What you have to do
Using the listing that follows, report how many lines include the word "with", and add no other words.

Extracted information
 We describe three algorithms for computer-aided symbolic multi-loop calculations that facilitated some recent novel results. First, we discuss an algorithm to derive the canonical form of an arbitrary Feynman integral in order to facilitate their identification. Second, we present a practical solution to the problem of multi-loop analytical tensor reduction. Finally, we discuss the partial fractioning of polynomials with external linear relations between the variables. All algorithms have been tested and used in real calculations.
--
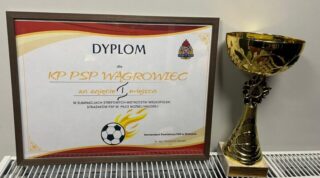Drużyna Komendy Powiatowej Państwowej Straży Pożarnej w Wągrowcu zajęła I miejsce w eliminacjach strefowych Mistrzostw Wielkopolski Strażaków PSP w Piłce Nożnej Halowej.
==
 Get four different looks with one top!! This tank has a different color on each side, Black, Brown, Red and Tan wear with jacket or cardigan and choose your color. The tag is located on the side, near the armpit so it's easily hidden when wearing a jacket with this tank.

Task answer
2